Они долго взволнованно говорили, в неутолимом желании все сказать, о радости зарождавшейся любви, о новых планах, о будущем счастье...
Черная, непроницаемая тьма лежала вокруг снаряда.
— Никита, — нерешительно прошептала Малевская, — надо итти.
— Да, Ниночка, — с усилием ответил Мареев.
— Никита... Я теперь останусь? Правда?
Мареев покачал головой.
— Нет, Нина, — сказал он тихо и твердо, — ты отправишься с Володей. Иди, не беспокойся обо мне. Я твердо убежден, что все кончится благополучно. Бурильщики во-время доберутся до снаряда... подадут нам кислород... Мы дождемся окончания шахты и выберемся отсюда... Это будет, Нина! Иди и жди меня!..
ГЛАВА ДВАДЦАТЬ ПЯТАЯ. ВОЛОДЯ ПЛАТИТ ПО СТАРЫМ ДОЛГАМ
Понадобилось больше четырех часов, чтобы вывести торпеду из снаряда и направить ее вверх точно по вертикали.
Лишь теперь, после окончания взволнованных сборов, последних тяжелых минут прощания, напряженной работы в торпеде, Малевская и Володя смогли подумать об отдыхе. Впрочем, вопрос об отдыхе, повидимому, меньше всего интересовал Володю. Он был взбудоражен, его голос звенел, щеки пылали, радостно сверкали глаза.
— Ну, Нина, ты теперь садись на скамеечку и отдыхай, а я на этих пакетах устроюсь. Хорошо?.. Я сейчас достану тебе чего-нибудь поесть... Бульону хочешь? Или какао?
Он чувствовал себя в торпеде по-хозяйски, свободно, заботливо ухаживал за Малевской, стараясь помочь ей в необычной для нее обстановке. Все было ему здесь знакомо и близко. После памятного путешествия в торпеде с Брусковым нынешний рейс казался ему совсем не сложным.
Тепло, по-родному гудели моторы, тихо скрежетали буровые ножи и коронка, за стенкой уютно шуршала размельченная порода, спускаясь по виткам архимедова винта вниз, под могучие колонны давления...
Они уселись в самых необычайных позах: Малевская — на краешек узкой откидной скамеечки, а Володя — на груде пакетов с продовольствием, сложенных вокруг стены центральной камеры. Стоять же можно было, лишь вплотную прижавшись друг к другу, на тех крошечных пространствах пола, которые оставались свободными.
Володя возился, поудобнее усаживаясь, поглядывая на приборы и аппараты, все в том же необычайном возбуждении. Оно переполняло его, и он непрерывно болтал.
— Как я рад, что мы наконец отправились!
— Да... — нехотя отозвалась Малевская, — я вижу... — и, помолчав, добавила: — И Никита Евсеевич и Михаил тоже видели это.
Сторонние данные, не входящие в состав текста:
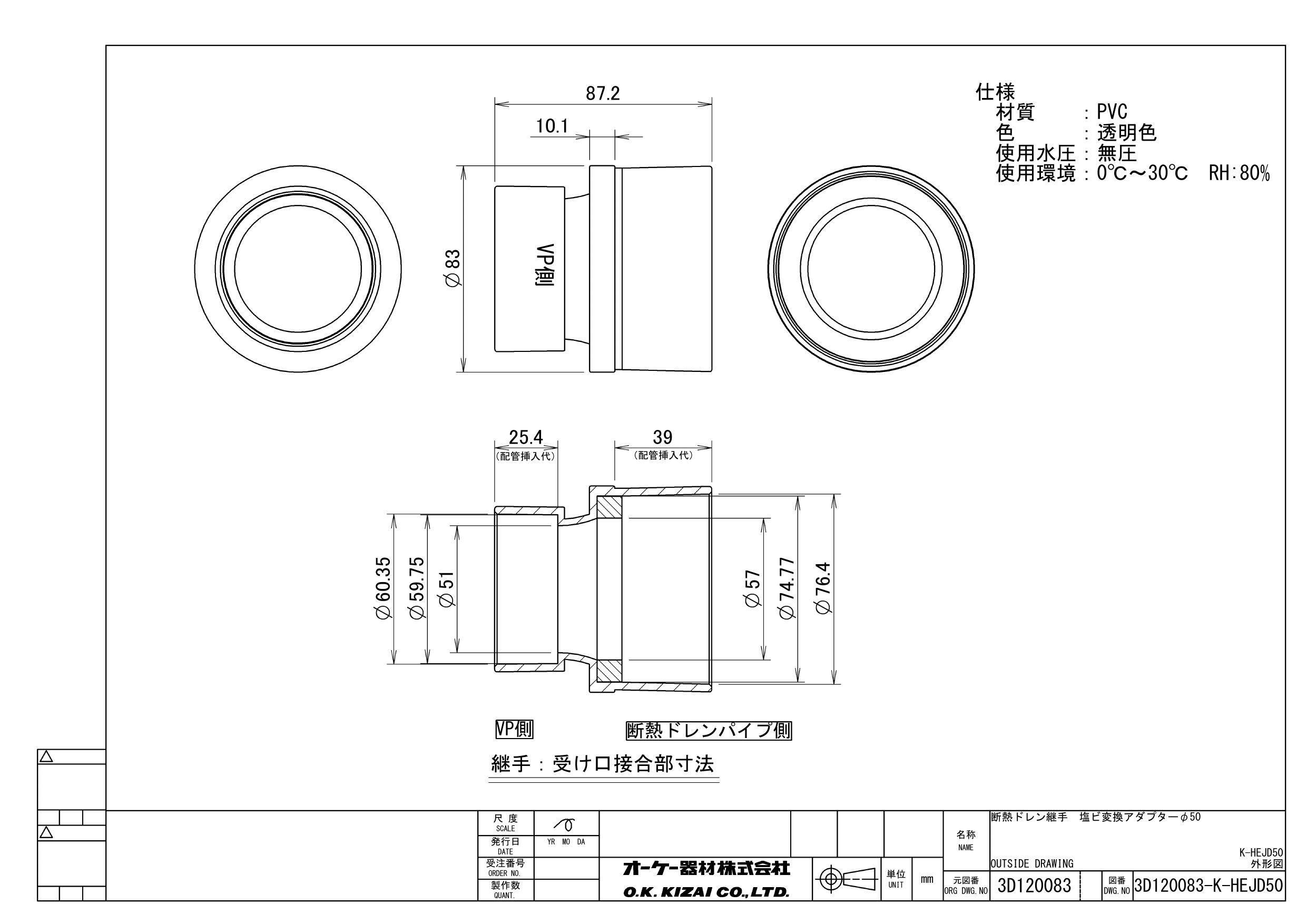オーケー器材 K-HEJD 50 K-HEJD 断熱ドレン継手 塩ビ変換アダプター 50 空調部材 断熱ドレン 結露防止層付 00000849499【別送品】

Ты рад, что вырвался из снаряда?
— Ну да! — ответил Володя, думая о чем-то своем. — Жалко, что раньше не вспомнили про торпеду.
Малевская замолчала. У нее чуть дрогнули губы. Володя тоже молчал и, прищурив глаза, о чем-то думал.
— Никита Евсеевич смеялся и даже сказал Михаилу: «Володьке-то, верно, до смерти надоело с нами... Смотри, как он счастлив!» — тихо сказала Малевская.
Все с тем же сосредоточенным видом Володя поправил:
— Не с вами надоело, а в снаряде.
— Почему ты, Володя, все кричал напоследок: «Не прощайте, а до свидания! Держитесь подольше!» Ты думаешь, их спасут? Скажи, почему ты так кричал?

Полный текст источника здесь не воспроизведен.